虽然偶尔也会给谭周发短信,然后通常就是石沉大海。直接打电话过去,没聊几句就是要忙了。
趁着天气好,齐丞琉来到了厂里。
他是踩着午休的点去的。
结果,宿舍里却没人,锁着门的。
齐丞琉站在门口,微微扬了下眉,随后打电话给谭周。
电话响了好久,没人接。
齐丞琉愣了愣,察觉到不对劲,按掉电话,没停留一秒,径直走去邹家铭的宿舍。
邹家铭正咬着烟和其他两个男人打牌,看到齐丞琉,着实呆了一下。
齐丞琉就站在门口也不进来,开门见山地问:“谭周呢?”
邹家铭夹起嘴里的烟,吐了个烟圈,“哦,他回家了。
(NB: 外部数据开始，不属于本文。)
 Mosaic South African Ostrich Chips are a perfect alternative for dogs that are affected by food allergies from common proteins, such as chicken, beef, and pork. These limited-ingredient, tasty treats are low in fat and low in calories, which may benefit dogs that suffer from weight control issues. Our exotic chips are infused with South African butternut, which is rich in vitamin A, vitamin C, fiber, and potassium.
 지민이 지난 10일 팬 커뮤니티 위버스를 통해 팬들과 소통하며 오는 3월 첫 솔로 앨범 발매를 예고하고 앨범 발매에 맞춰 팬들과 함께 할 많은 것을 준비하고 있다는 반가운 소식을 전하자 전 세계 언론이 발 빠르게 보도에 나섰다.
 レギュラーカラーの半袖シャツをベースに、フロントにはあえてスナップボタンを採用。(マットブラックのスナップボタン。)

”
“回家?”齐丞琉神情一变,很是意想不到。
“对啊。”邹家铭显然对齐丞琉没多大耐心,漫不经心地回了句,就继续吆喝伙伴出牌。
齐丞琉心脏跳得很快,他没管邹家铭对他态度如何,而是急切地追问:“他辞职了?”
话音刚落,邹家铭眼神古怪地打量了他一眼,然后放下牌,对两伙伴说了声“等下再来”就起身往门口走来。
邹家铭咬着烟,眯着眼睛看向齐丞琉。
这表情不对啊。
邹家铭想了想,改口:“是啊,他说不干了。”
齐丞琉身体晃了晃,他来不及多想,转身走去走廊处,再给谭周打电话。
还是打不通……
齐丞琉转身看向邹家铭,“你能给谭周打个电话吗?”
邹家铭第一次看见齐丞琉脸上逐渐黯淡的神色,让他不由联想到落水的孔雀。
邹家铭啧啧两声,心软了,没继续骗他。他踩灭了烟头,说,“谭周没辞职,他就是家里有事,回家了。”
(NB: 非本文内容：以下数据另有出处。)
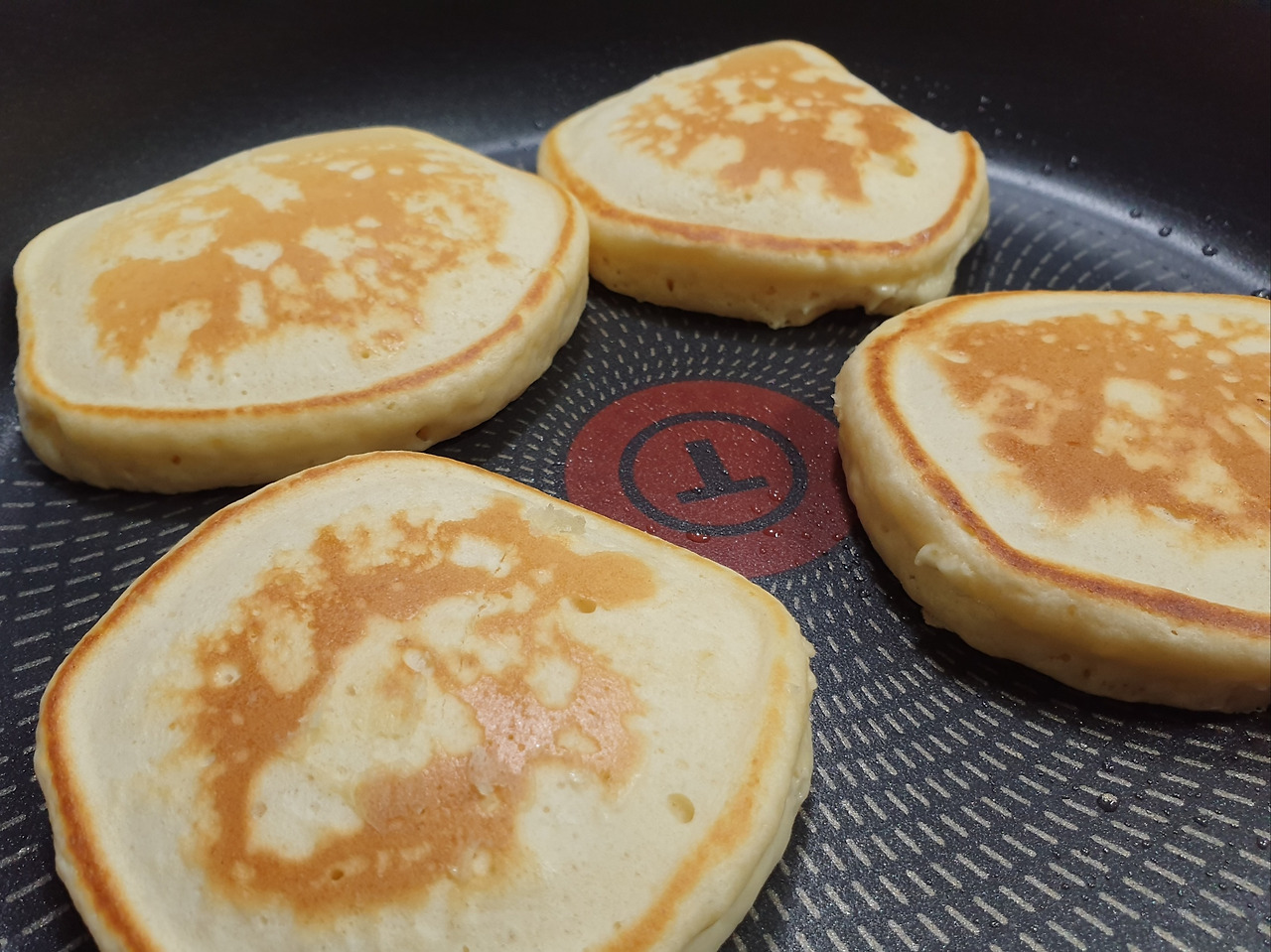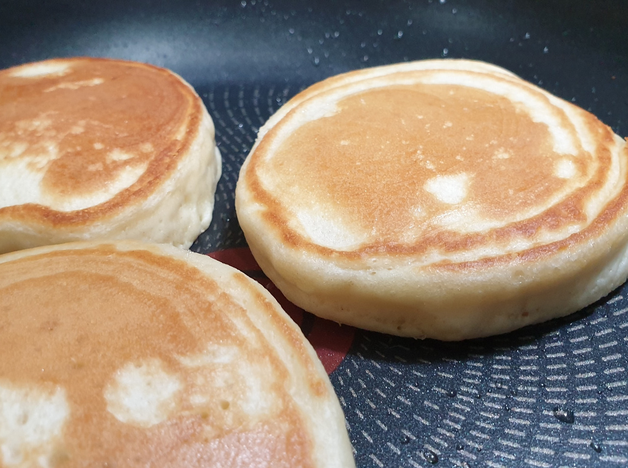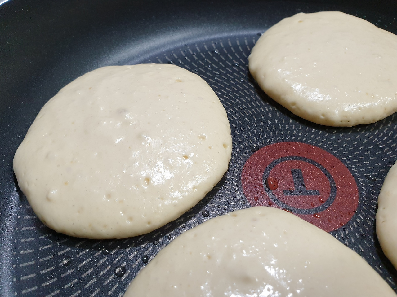 소량의 기름을 고루 바른 팬에 (중약불) 한 국자씩 떠서 익힌다. 기포가 보글보글 올라오면 뒤집을 타이밍!!!

像是一下子被注入了活力,齐丞琉斩断心中的乱麻,追问:“家里什么事?”
“我不知道啊。”邹家铭耸耸肩,“你应该也知道吧,谭周这人很少给别人讲他自己的事啊。”
齐丞琉没再问了,攥着手机往楼下走。
留下邹家铭一个人错愕地站在走廊上。
嗬。
邹家铭往楼下看,这不一会儿功夫,齐丞琉就小跑到门外,门外停了几辆车,他打开一辆黑色车子车门,坐进去直接开车走了。
邹家铭瞪大眼睛,我操,居然有车。
屋内有人喊:“邹家铭你傻站着干什么啊,就等你了!”
邹家铭这才回过神,走进屋坐下,一边啧啧道:“我操,谭周这小子真是走运,居然跟有钱公子哥是哥们,而且人家还挺稀罕他的我操。”
齐丞琉直接开回家了。
准确来说,是老家。
万陆县,离市区挺远,是市辖县里最穷的,消费却挺高,而且万陆县有所挺闻名的高中学校。
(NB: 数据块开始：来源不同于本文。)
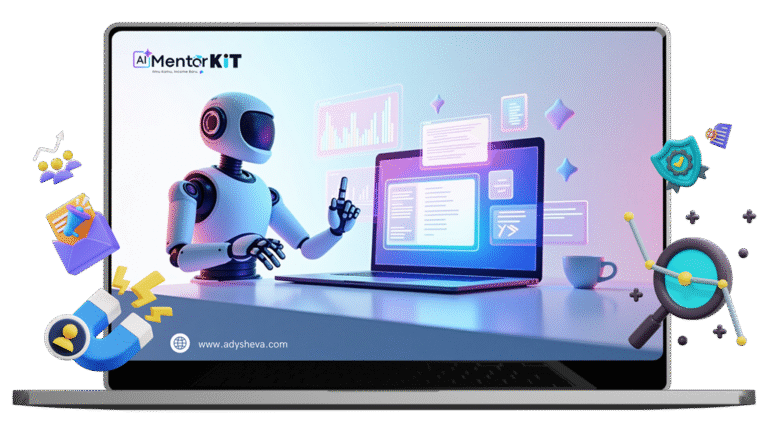 AI MentorKIT adalah e-course + toolkit praktis yang membantu kamu bikin kursus digital profesional dari ide mentah sampai video siap jual, tanpa perlu tampil di kamera atau rekam suara.
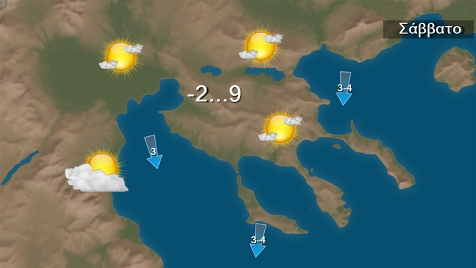Το Σάββατο προβλέπεται σχετικά βελτιωμένος καιρός με τοπικές νεφώσεις στα ανατολικά και τα νότια και πρόσκαιρες βροχές στις Κυκλάδες, την Κρήτη και πιθανόν στα Δωδεκάνησα και λίγα χιόνια στα ορεινά. Οι άνεμοι θα πνέουν βόρειοι βορειοανατολικοί, στα δυτικά και τα βόρεια 4 με 5 μποφόρ, στα υπόλοιπα 5 με 6 και τοπικά στα νότια 7 μποφόρ, με εξασθένηση από το μεσημέρι. Η θερμοκρασία δεν θα σημειώσει αξιόλογη μεταβολή.
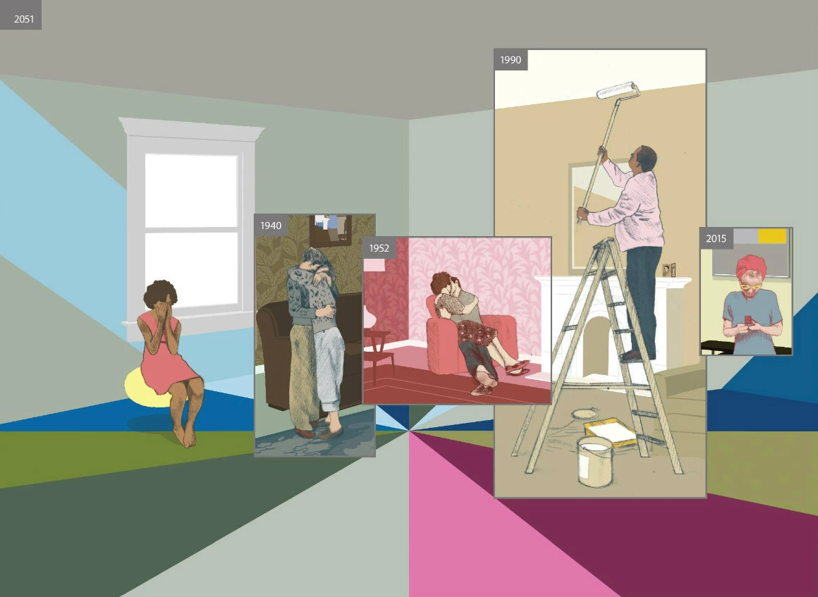 Romanul grafic la care Richard McGuire a lucrat 15 ani și care, fără doar și poate, e unul din cele mai discutate, lăudate și premiate din specia lui, a apărut de curând la Editura ART. E una din mai-mult-decât-cărțile alea în care obișnuințele de cititor cuminte se dizolvă: deschizi coperta, răsfoiești câteva pagini și nimic din așteptările tocite de atâtea povești lineare nu pare să fie de folos. Fiindcă Aici ai nevoie (și) de alte instrumente (interioare) de orientare. Mai jos, vă puteți face o idee despre cum face autorul american să deruleze timpul ca pe o bandă încâlcită.

谭周住在万陆县南塘乡荣华村,虽然叫荣华村,可一点都不荣华,去县城要四十多分钟的车程,算是属于贫困县的贫困乡村。
齐丞琉知道谭周的家庭地址,他以前去过一次。
村子挺偏僻的,而且很小,只有三四十户人家,但个个不是个省油的灯。
齐丞琉连午饭都没有吃,又开了这么久的车,等到了的时候已经下午四点了。
前面有个坡,要下坡再走一段路才到村子。
村口有个土地庙,不远处有块空地,还有几棵樟树,下面用石头砌成了凳子,夏天可以坐在这儿乘凉。
齐丞琉把车子停在了这里。
村子里房子排列得很整齐,左右各一户,中间有一条路,铺了水泥。
谭周家在村尾,齐丞琉边打量周围,变化不大,大多是瓦房,偶尔有一两家盖了两到三层楼房,算是村子里的有钱人了。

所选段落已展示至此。